Over the years, Crowder has continued to partner with Giglio’s annual Passion Conference that has reached hundreds of thousands of young adults and raised millions of dollars for both evangelistic and humanitarian efforts around the world.
Last year, Crowder was the headline musical artist for the six-city Graham Tour across Australia and the Decision America Northeast Tour. In June, he joined Will Graham for an online streaming evangelistic event from The Cove in Asheville, North Carolina.
As for Crowder’s reputation as a prolific lyricist and musician, he describes his creative process like “climbing down a ladder at night looking for the next rung.”
Observations of society and culture and meditations from Bible study and devotional reading inspire his lyrics. Then he waits until God begins to stir the creative winds in his head and heart, which often seems to happen on an airplane or his touring bus.
“A lot of that is just paying attention,” he says. “Just seeing, maybe, moments that other people aren’t watching and then figuring out what that does inside me. It’s more like collecting words, ideas, colors, sounds. Then whenever the wind gets here and I need to say what it is that is turning in me, I’ll have more on my palette and more colors to paint with.”

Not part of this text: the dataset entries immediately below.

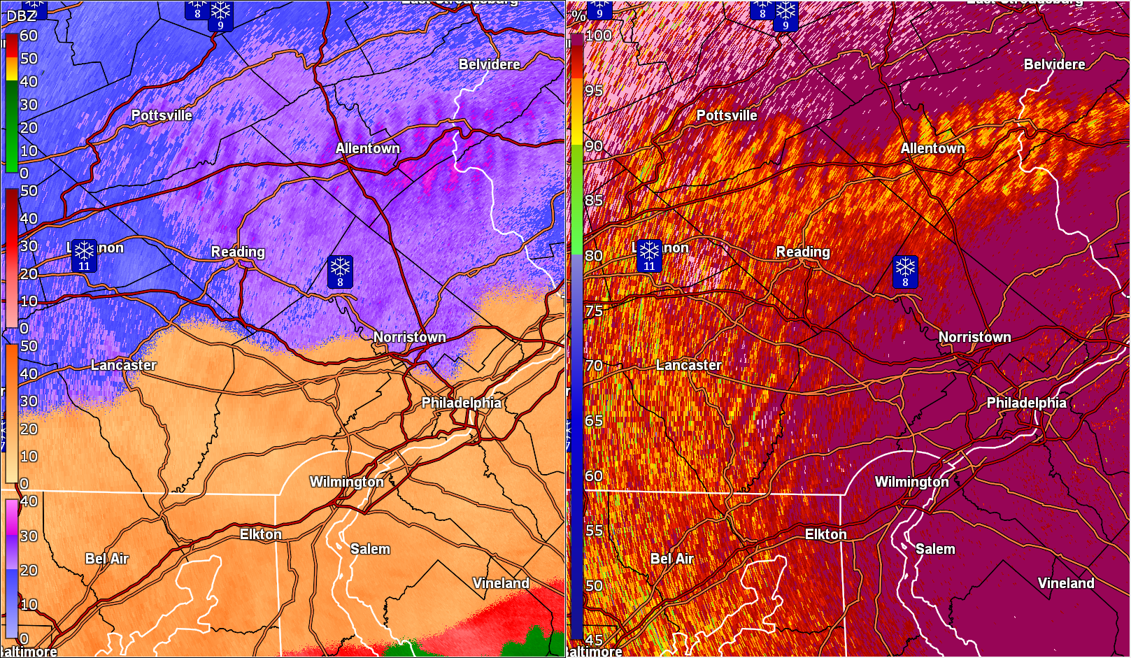 I can confirm that the orange echos on radar scope is heavy sleet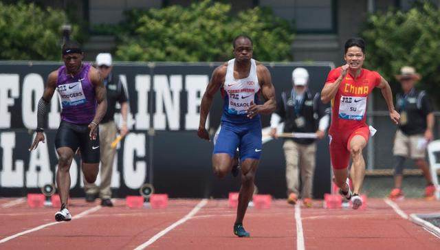 这是2015年钻石联赛尤金站男子100米比赛中的苏炳添(右)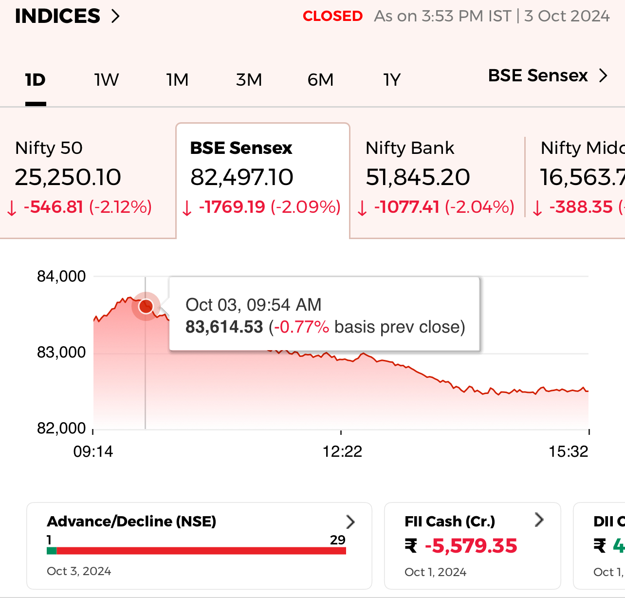 गुरुवार को भारतीय शेयर बाजारों में भारी गिरावट देखी गई, जहां सेंसेक्स 1,800 से अधिक अंक गिर गया और निफ्टी 50 ने 25,250 के स्तर से नीचे फिसलकर निवेशकों के बीच चिंता बढ़ा दी। सेंसेक्स 1,811 अंक यानी 2.15% की गिरावट के साथ 82,455.08 पर आ गया, जबकि निफ्टी 554 अंक गिरकर 25,242 पर बंद हुआ। बीएसई में सूचीबद्ध सभी कंपनियों का बाजार पूंजीकरण 10.56 लाख करोड़ रुपये घटकर 464.3 लाख करोड़ रुपये रह गया।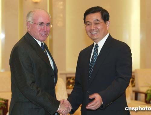 中新社北京四月十八日電(記者齊彬)中國國家主席胡錦濤今天下午在人民大會堂會見了澳大利亞總理霍華德。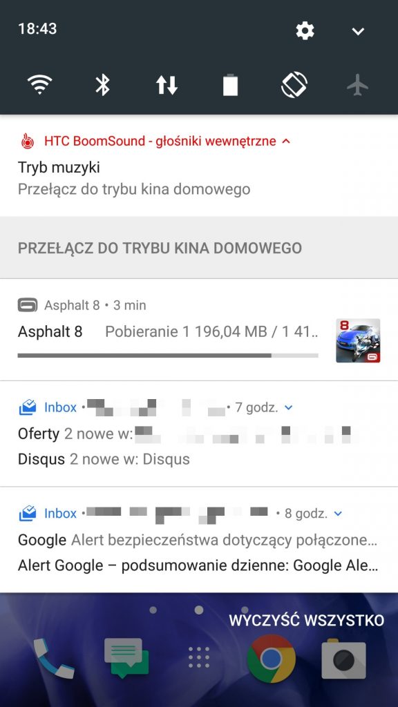 Fajnie natomiast, że HTC zaimplementował technologię bliźniaczą do Always-On-Display na drugim ekranie, który na minimalnym podświetleniu prezentuje wyszarzone ikonki powiadomień, godzinę oraz… można palcem przewijać dostępne na nim opcje, w tym przeglądać notatki, zadania kalendarzowe, czy po prostu zarządzać włączaniem lub wyłączaniem poszczególnych opcji, takich jak latarki, WiFi, wyciszenia, łączności Bluetooth etc. Wprawdzie ekran ten się wygasza po chwili i do końca nie jest to tak, jak w LG, Motorolach czy Samsungach, a nawet Nexusach, niemniej czuć, że HTC próbuje tutaj swoich sił i pomysł ten zły nie jest. Ale zdecydowanie wymaga bardziej kompleksowej organizacji i dopracowania.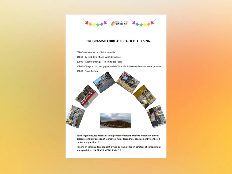 Comme chaque année, le Comité des fêtes de Sadirac vous donne rendez-vous pour une journée placée sous le signe de la gourmandise et du savoir-faire local.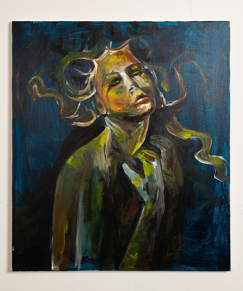 Dit schilderij toont een figuur gevangen in een moment van transformatie, waarin haar emoties haar lichaam langzaam doen overgaan in een natuurachtig, bijna plantaardig standbeeld. Haar innerlijke wereld wortelt zich naar buiten, waardoor ze tegelijk versteent en tot leven komt als een symbool van kwetsbaarheid en kracht.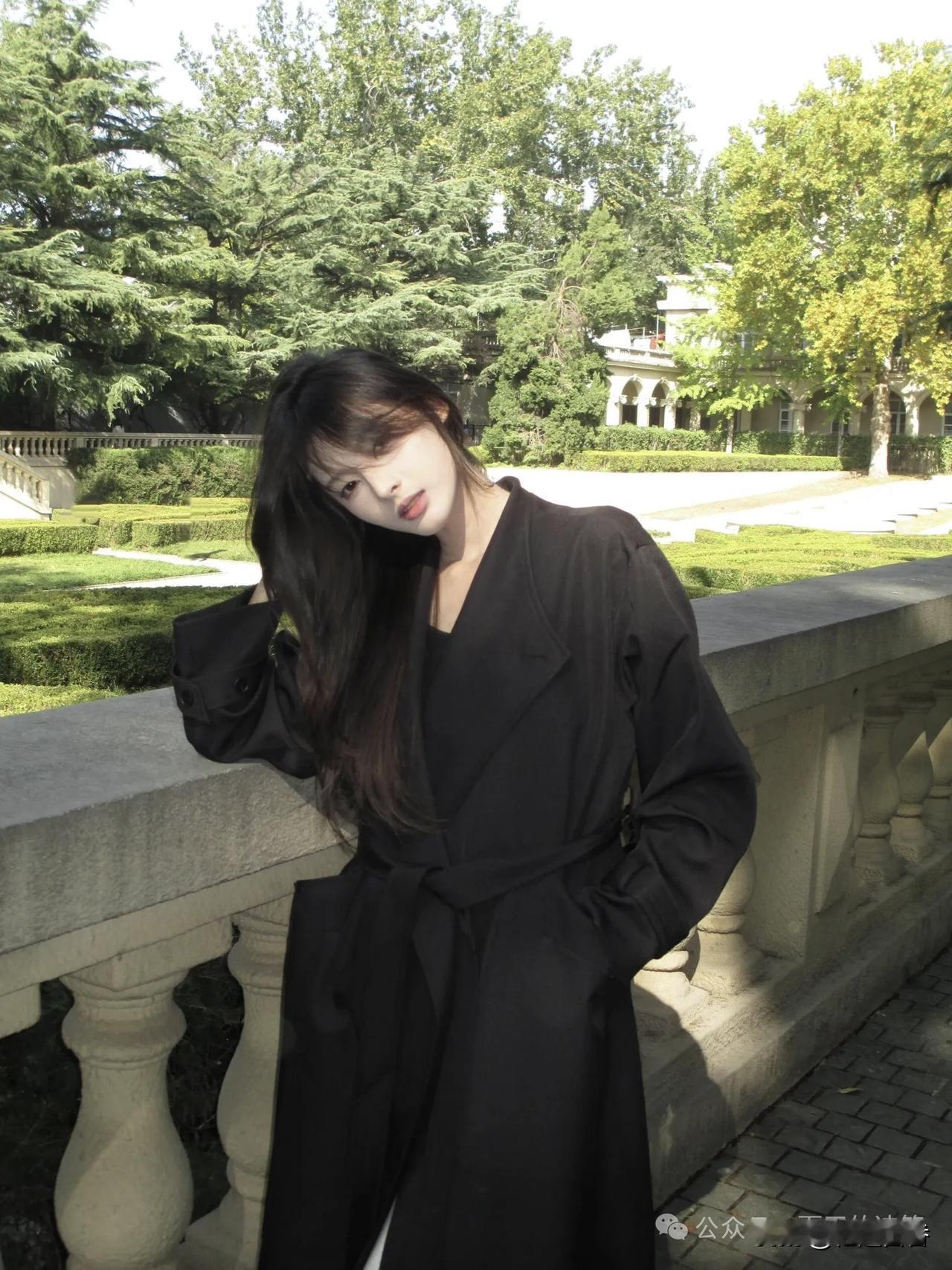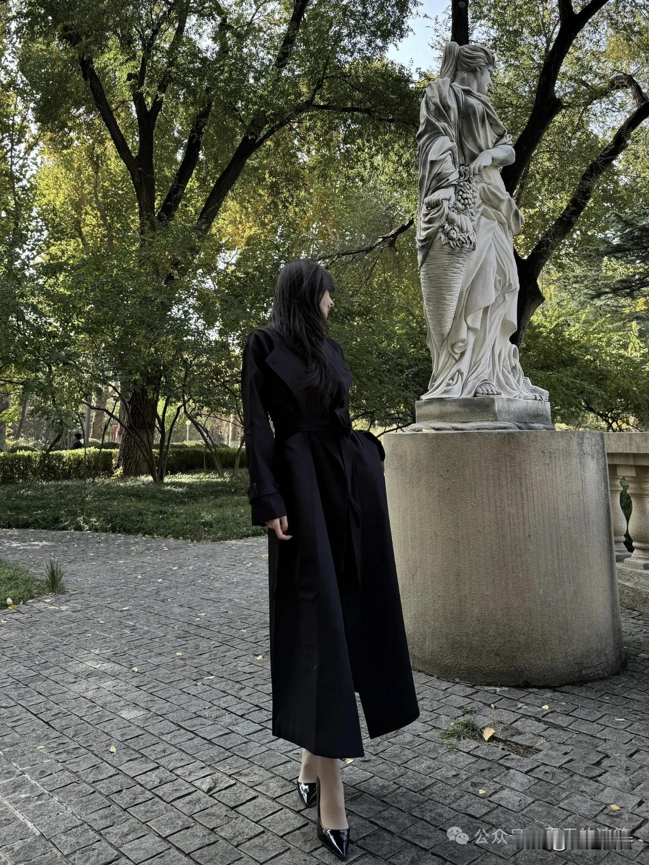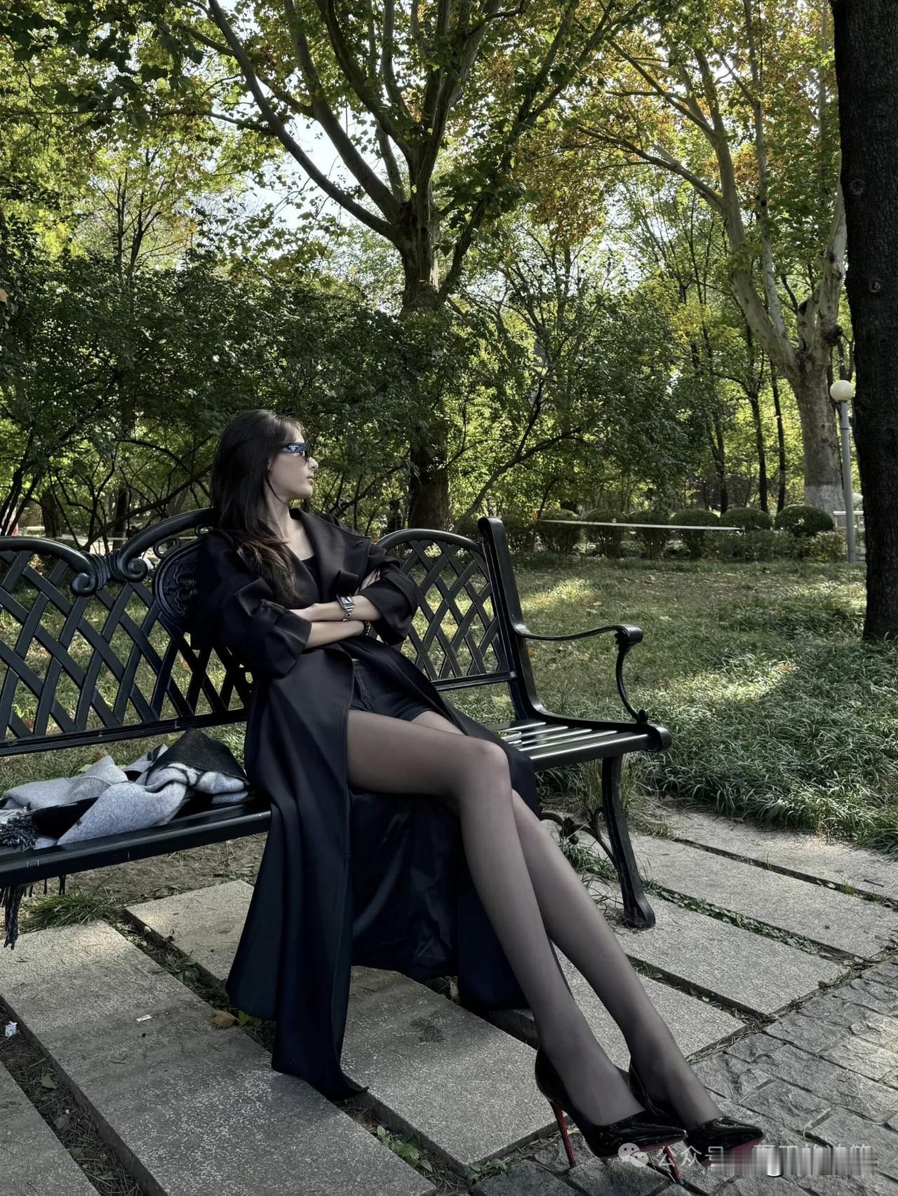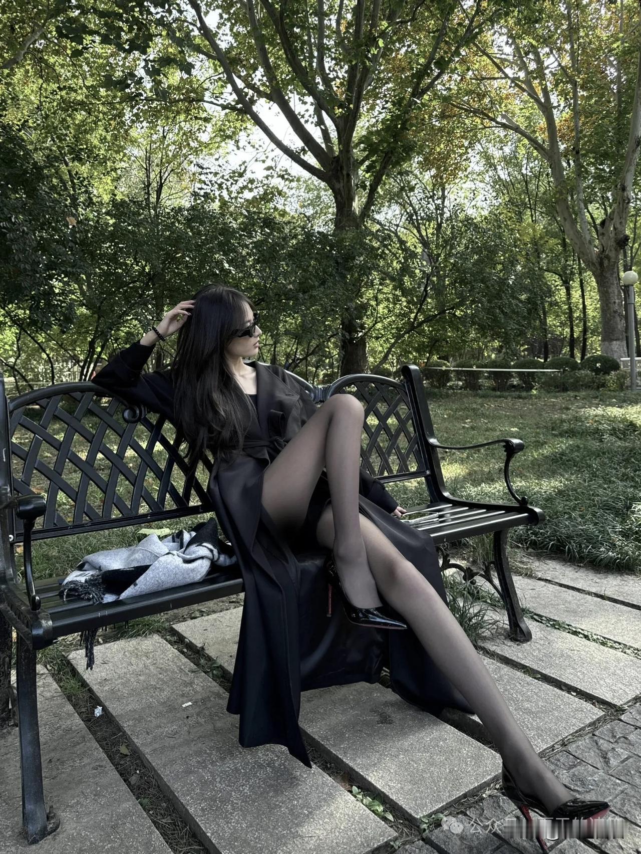 秋日公园,黑衣女子,优雅姿态,享受宁静时光。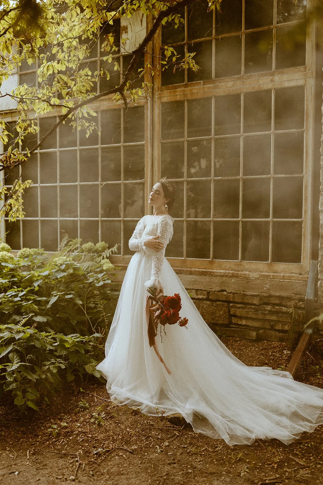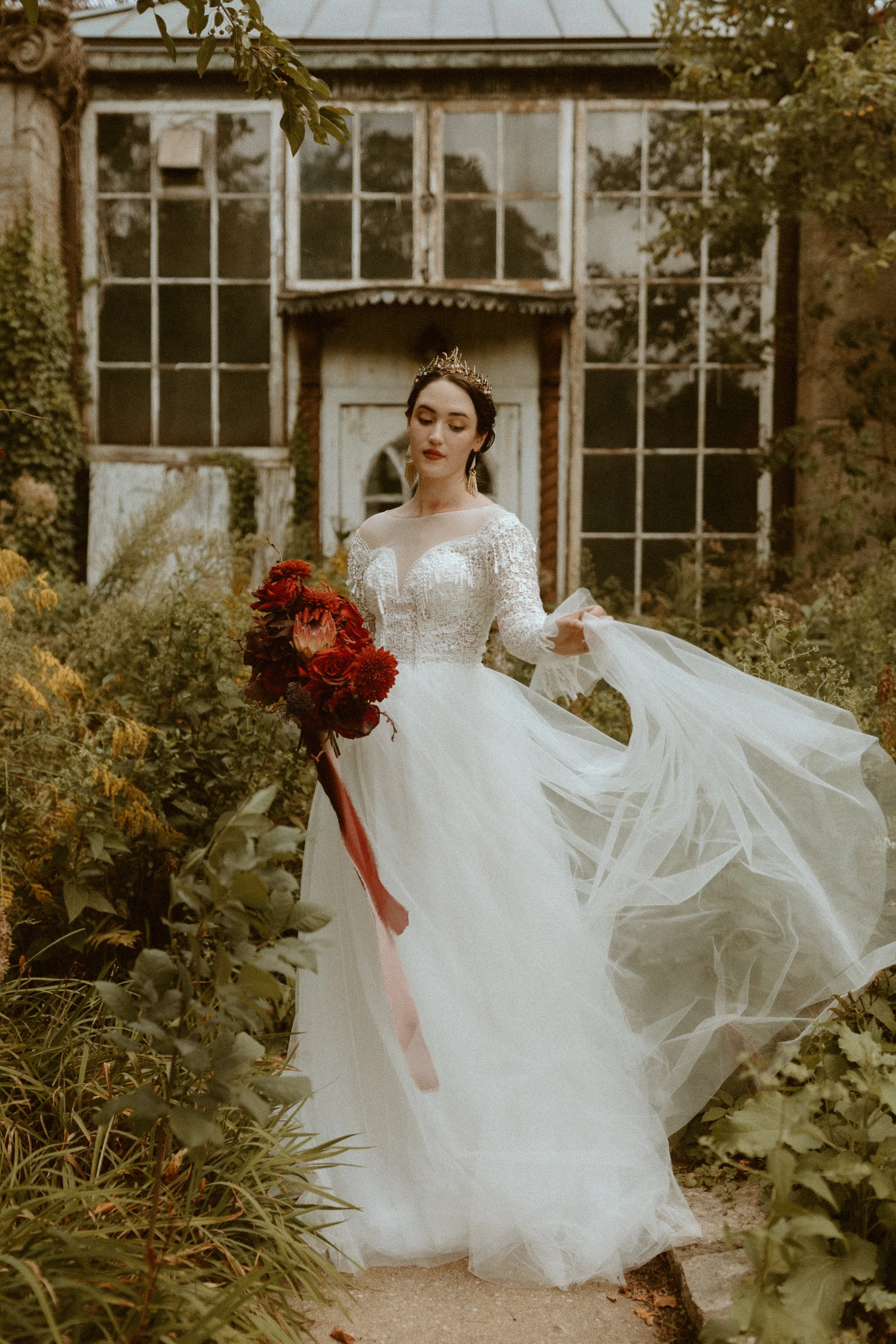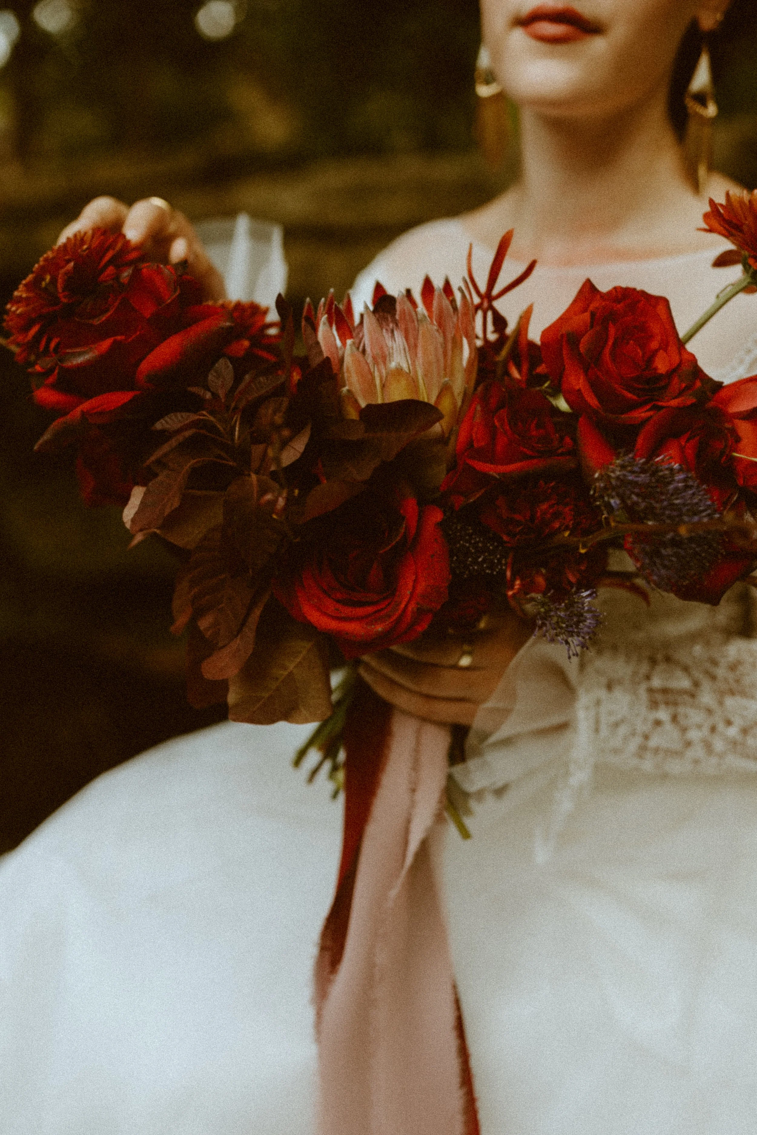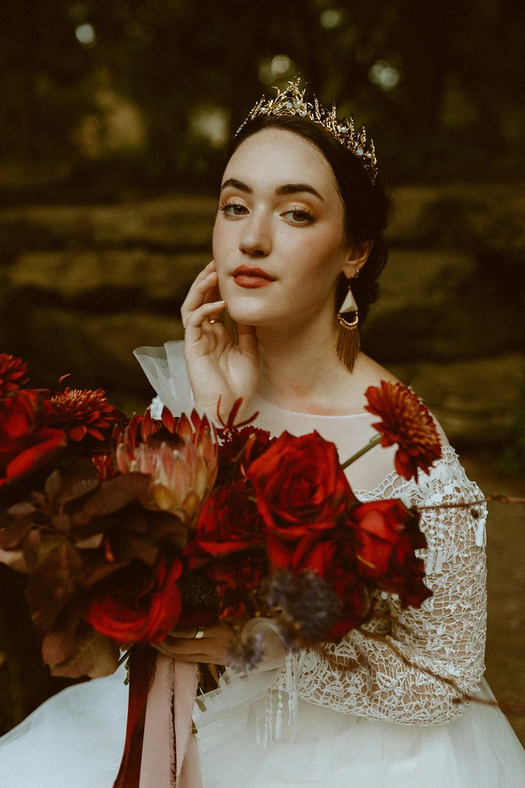 A woman wearing a crown and earrings, holding a bouquet of red and brown flowers, dressed in a white lace dress, standing outdoors with a blurred natural background.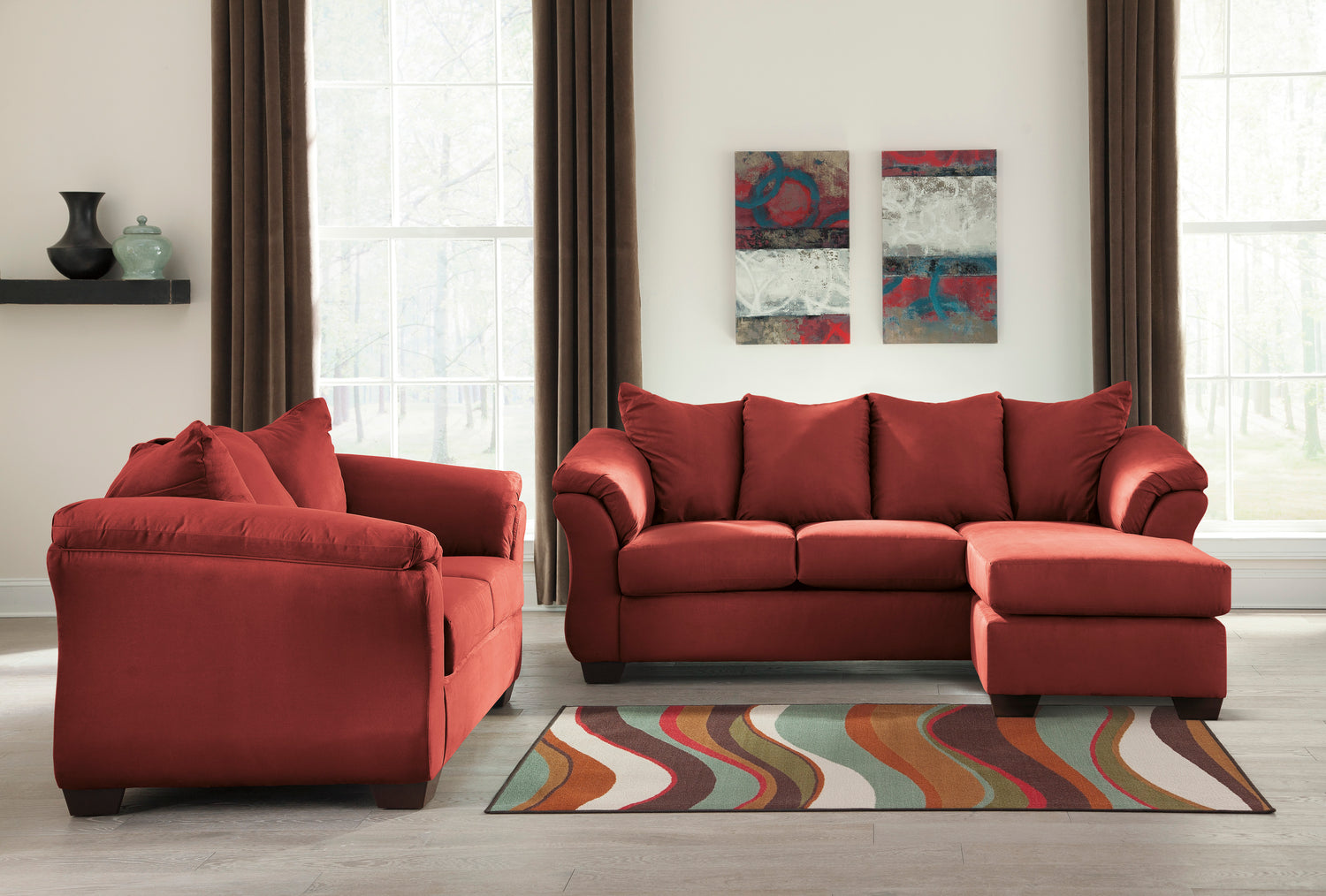 Talk about fine lines and great curves. That’s the beauty of the Darcy living room set—made to suit your appreciation for clean, contemporary style. A striking flared frame, comfy pillow top armrests and an ultra-soft upholstery that holds up to everyday living complete this fashion statement.- Includes sofa chaise and loveseat

Crowder’s unassuming nature and witty personality belies the seriousness with which he embraces God’s calling on his life. He winces at the label or title of worship leader, preferring to de-emphasize the role music plays in a Christ-follower’s true expression of worship.
“I make church music,” he says. “I view music as facilitating us as a community getting together and voicing what we think God’s doing. I don’t think what I do is as important as it is to see where your heart is. When you’re stuck in traffic, I think, is a better time to examine the interior of your soul than it is when we’re singing songs together.”